To do: Below are the records. Retype exactly the lines between the lines holding "Funda para Teléfono" and "Opis sadržaja: a", inclusive.

Data for the task:
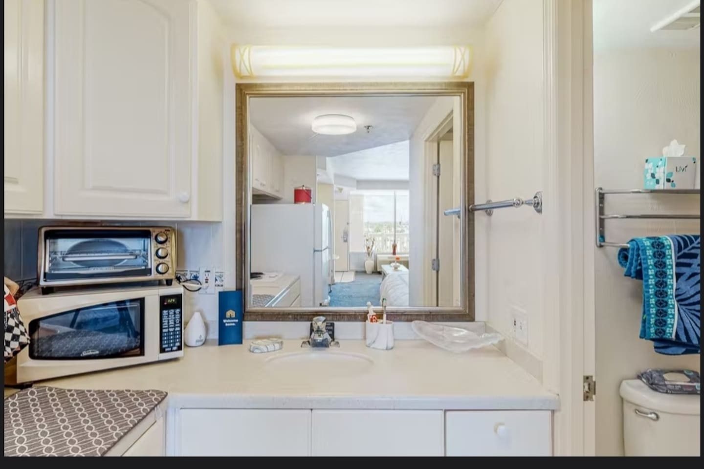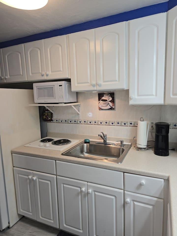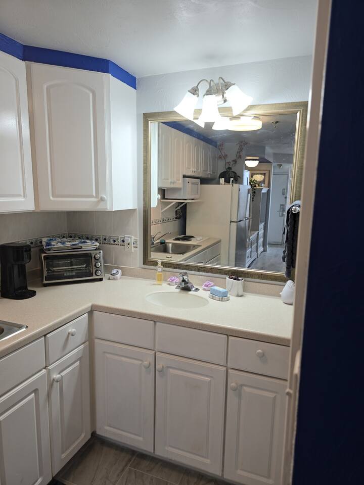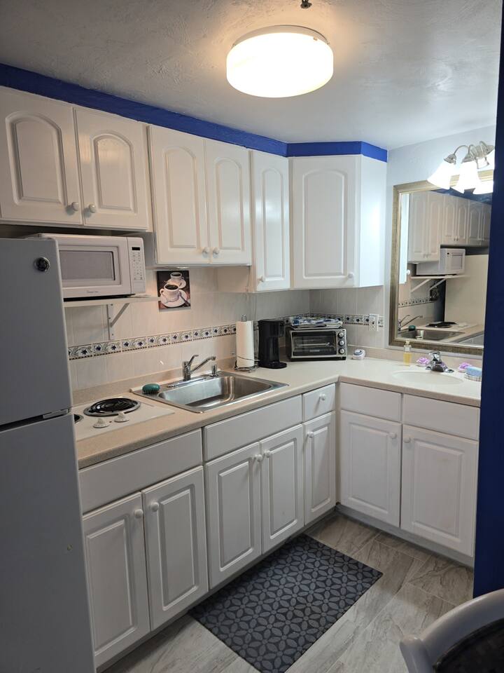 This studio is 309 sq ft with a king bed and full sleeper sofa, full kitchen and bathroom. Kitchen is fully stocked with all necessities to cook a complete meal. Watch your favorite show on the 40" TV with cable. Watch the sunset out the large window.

==

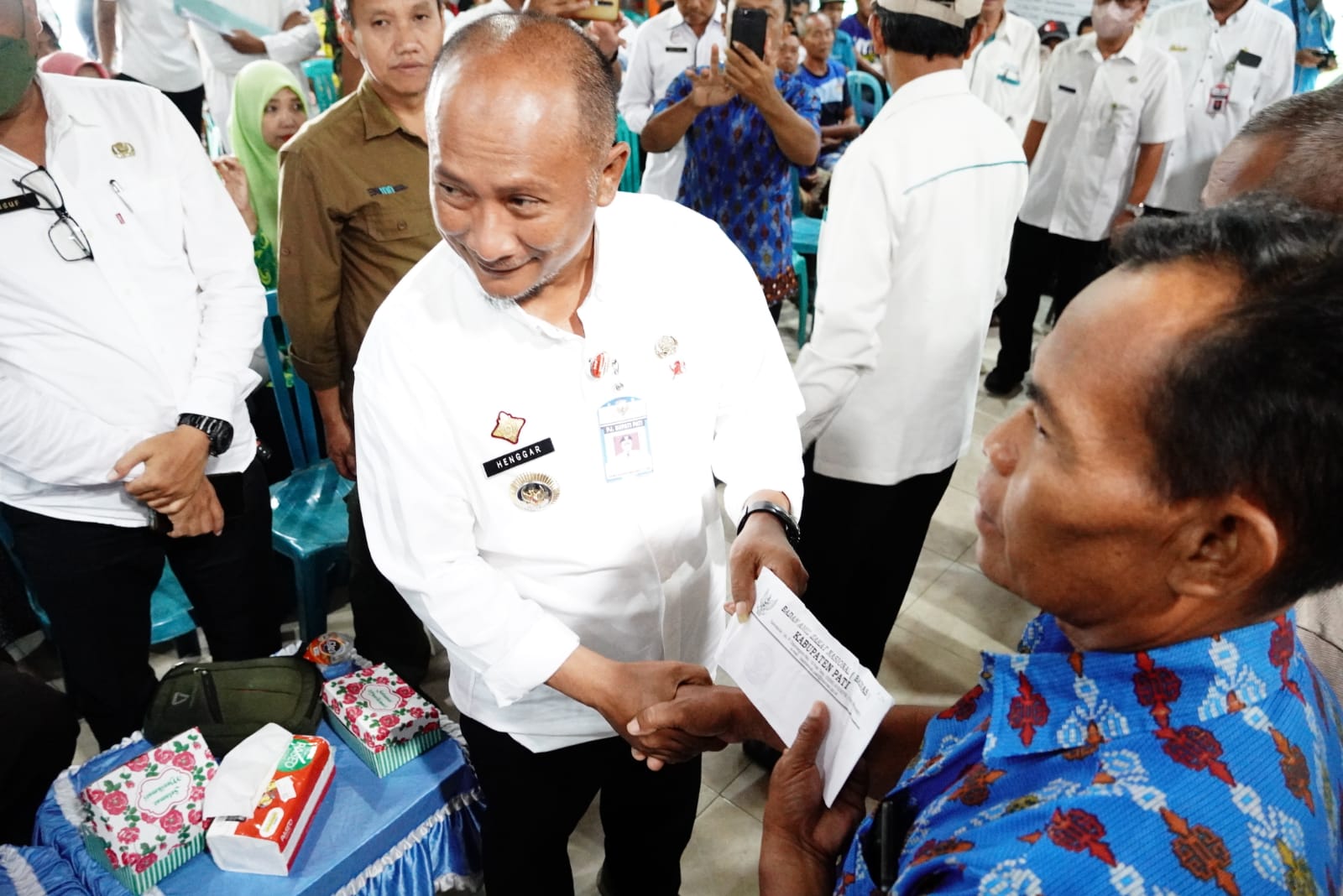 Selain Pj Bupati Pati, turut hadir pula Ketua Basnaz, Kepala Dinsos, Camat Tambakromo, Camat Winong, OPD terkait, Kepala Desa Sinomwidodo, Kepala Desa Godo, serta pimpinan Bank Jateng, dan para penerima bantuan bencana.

---

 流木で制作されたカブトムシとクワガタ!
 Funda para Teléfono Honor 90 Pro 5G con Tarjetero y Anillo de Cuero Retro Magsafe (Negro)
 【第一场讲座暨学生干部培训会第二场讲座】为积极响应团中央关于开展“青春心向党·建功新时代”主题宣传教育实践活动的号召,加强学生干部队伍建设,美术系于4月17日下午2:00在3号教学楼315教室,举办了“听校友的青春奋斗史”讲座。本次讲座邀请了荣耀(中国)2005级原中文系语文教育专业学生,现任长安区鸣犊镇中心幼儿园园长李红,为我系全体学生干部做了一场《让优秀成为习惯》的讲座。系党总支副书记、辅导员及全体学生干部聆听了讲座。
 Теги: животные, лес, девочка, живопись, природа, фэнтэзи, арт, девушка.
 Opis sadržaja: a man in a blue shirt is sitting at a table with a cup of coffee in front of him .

Output of the task:
 Funda para Teléfono Honor 90 Pro 5G con Tarjetero y Anillo de Cuero Retro Magsafe (Negro)
 【第一场讲座暨学生干部培训会第二场讲座】为积极响应团中央关于开展“青春心向党·建功新时代”主题宣传教育实践活动的号召,加强学生干部队伍建设,美术系于4月17日下午2:00在3号教学楼315教室,举办了“听校友的青春奋斗史”讲座。本次讲座邀请了荣耀(中国)2005级原中文系语文教育专业学生,现任长安区鸣犊镇中心幼儿园园长李红,为我系全体学生干部做了一场《让优秀成为习惯》的讲座。系党总支副书记、辅导员及全体学生干部聆听了讲座。
 Теги: животные, лес, девочка, живопись, природа, фэнтэзи, арт, девушка.
 Opis sadržaja: a man in a blue shirt is sitting at a table with a cup of coffee in front of him .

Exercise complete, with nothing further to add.